Environmental impact on prokaryotes and protists
For both prokaryotes and protists, the number of read counts vs. ASVs was saturated across samples (Fig. S1). Several dominant prokaryotic and protist groups were temporally variable and significantly correlated with environmental variables, particularly temperature, NO3, and SiO4 (Figs. 1; 2). Temporally variable prokaryotes included Actinomarinales, which peaked in abundance in June-October and was strongly correlated to temperature (Spearman R = 0.8, p-value <0.001), as well as Flavobacteriales, Rhodobacterales, and Oceanospirillales that contributed most to relative abundance in March-May or November-February and were negatively correlated to temperature (Spearman R = − 0.59 to −0.8, p-values <0.05; Figs. 1A–1B). SAR11 Clade, the most abundant prokaryotic group on average over the year, became most relatively abundant in November-February (Fig. 1A); however, SAR11 abundance was not significantly correlated to any environmental factor tested (Fig. 1B).
Figure 1: Group-specific 16S relative abundance over the year and correlation to environmental variables.

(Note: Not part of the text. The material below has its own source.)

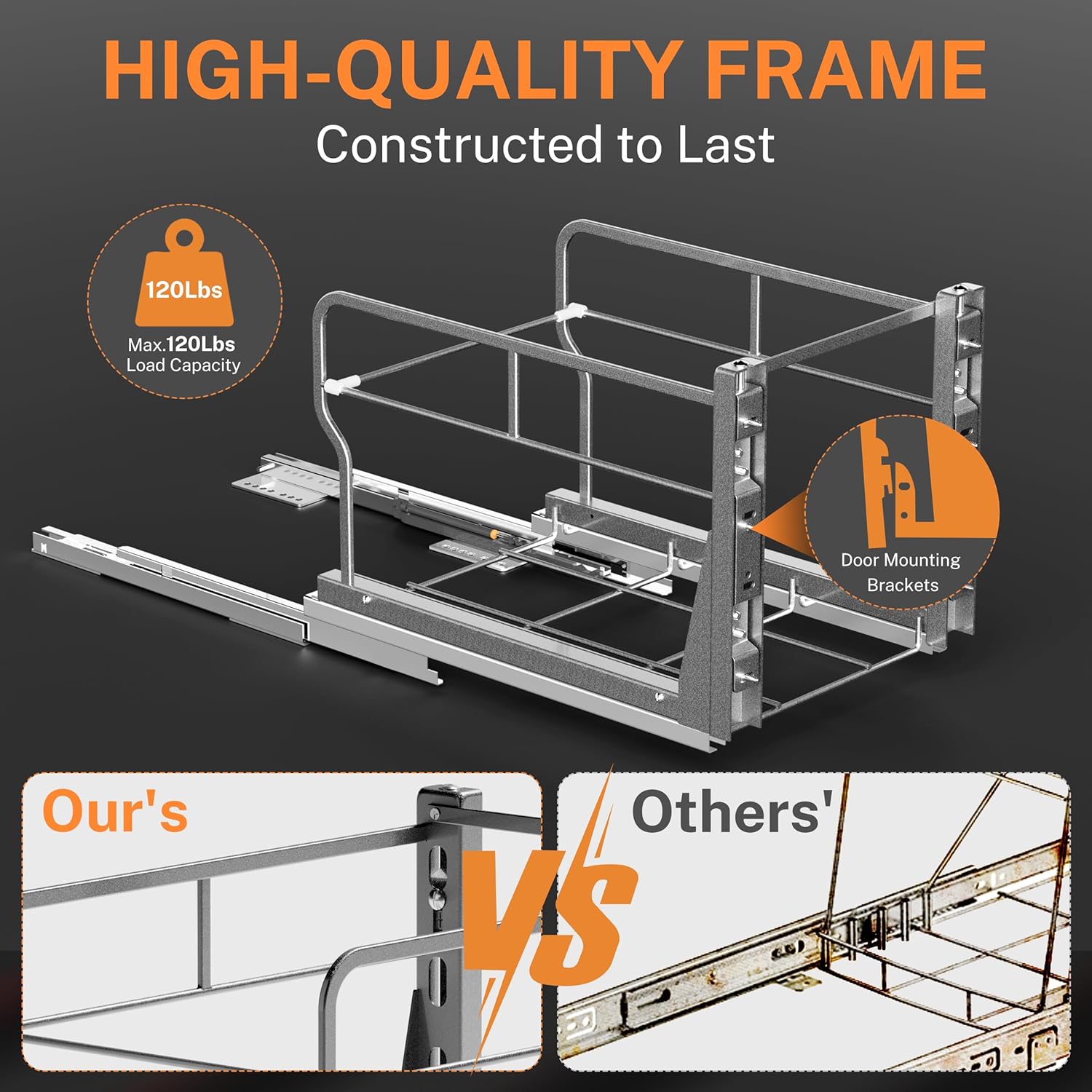 - Premiun Material: Trash can cabinet pull out is made of high-quality carbon steel with powder-coating surface for durability and rust resistance, allowing you to clean it with a cloth. Made for a trash can kitchen of 28 to 40 quarts (7–10 gal, 26–37 l) in volume, the frame can carry 120 pounds, 60 pounds more than regular slides.

(A) Relative abundance (%) of the top ten most relatively abundant order level prokaryotes over the year (>2% relative abundance). Local regression (loess) curves represent smoothed trends (black lines) and 95% confidence intervals (shaded gray). Abundance data is shown in triplicate or duplicate (8/30, 10/11, and 11/21) and samples are grouped by month on the x-axis. (B) Spearman correlations between group-specific prokaryotic relative abundance and environmental variables. Only significant correlations are shown (Spearman R, p-values < 0.05), with the sign of correlation indicated by a red (negative) to blue (positive) color gradient. Stronger correlations are represented by darker colors. White boxes indicate no significant correlation.Several protist groups, like Unassigned Dinophyceae and Dino-Groups I and II (Syndiniales), were most relatively abundant in June-October and positively correlated to temperature (Spearman R = 0.68−0.83, p-values <0.001; Figs. 2A–2B). Other groups, like Peridiniales, Gymnodiniales, and Cryptomonadales, peaked in either March-May or November-February and were negatively correlated to temperature (Spearman R = − 0.42 to −0.56, p-values <0.05; Figs. 2A–2B). Bacillariophyta and Mamiellales were the most abundant protist groups on average over the year (Fig. 2A). Bacillariophyta relative abundance was lowest in March-May and positively correlated with SiO4 (Spearman R = 0.36, p-values <0.05; Figs. 2A–2B). Group-specific abundances of Mamiellales, Strombidiida, and Choreotrichida were consistent and not correlated with any factors (Figs. 2A–2B). Microbial groups that were positively (or negatively) correlated with temperature were inversely correlated with NH4 (Figs. 1B; 2B).
Figure 2: Group-specific 18S relative abundance over the year and correlation to environmental variables.
(A) Relative abundance (%) of the top ten most relatively abundant order level protists. (B) Spearman correlations (Spearman R, p-values < 0.05) between group-specific protist relative abundance and environmental variables. Other details are identical to Fig. 1.Hierarchical clustering to distinguish separate communities
Two clusters were determined to be optimal for each dataset based on plots of average silhouette widths, here referred to as Clusters 1 and 2 (Fig. S2). Hierarchical clustering revealed a more separated cluster of samples from March-May and November-February (Cluster 1) and a tightly grouped set of samples from June-October (Cluster 2; Figs. S3–S4). 16S and 18S samples were clustered in the same manner (Fig. 3). Distance-based redundancy analysis (dbRDA) revealed temporal variability in microbial composition, with significant environmental variables explaining 58% (18S) and 63% (16S) of the variance from the sum of the first two axes (Figs. 3A–3B). Temperature was among the strongest variables significantly influencing the ordination (ANOVA, p-value = 0.01), distinguishing Cluster 2 samples from Cluster 1 (Fig. 3). Other factors like SiO4 and NO3 were also significant constraints on the dbRDA (ANOVA, p-values <0.01) and distinguished Cluster 2 samples (Fig. 3). In contrast, lower NH4 was a significant explanatory factor (ANOVA, p-value = 0.01) for the change in composition from Cluster 1 to 2 samples (Fig. 3).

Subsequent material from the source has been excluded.